**ASSIGNMENT:** Would you repeat exactly the part of the listing below that runs from the line containing "Котенок Мурка и" down to the line containing "Etiqueta Redonda Adesivo", inclusive, and nothing else?

**EXTRACTED ENTRIES:**
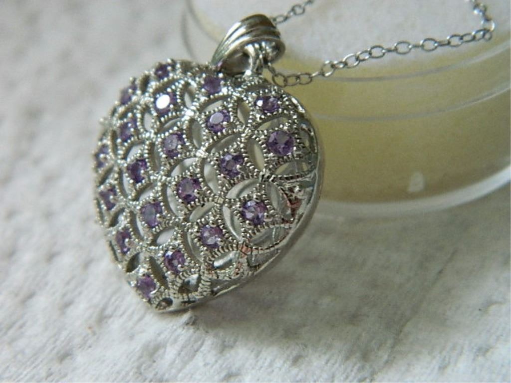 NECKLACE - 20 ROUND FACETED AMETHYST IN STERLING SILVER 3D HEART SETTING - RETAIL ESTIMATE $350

---

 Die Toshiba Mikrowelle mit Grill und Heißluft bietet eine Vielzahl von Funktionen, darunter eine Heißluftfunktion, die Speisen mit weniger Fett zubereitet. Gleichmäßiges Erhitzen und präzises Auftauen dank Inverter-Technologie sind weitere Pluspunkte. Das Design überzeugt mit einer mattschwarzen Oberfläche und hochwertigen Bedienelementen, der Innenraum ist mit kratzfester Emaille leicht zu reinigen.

==

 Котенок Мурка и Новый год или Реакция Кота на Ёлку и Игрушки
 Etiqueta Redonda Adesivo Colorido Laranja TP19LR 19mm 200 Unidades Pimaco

**SOLUTION FOR THIS EXERCISE:**
 Котенок Мурка и Новый год или Реакция Кота на Ёлку и Игрушки
 Etiqueta Redonda Adesivo Colorido Laranja TP19LR 19mm 200 Unidades Pimaco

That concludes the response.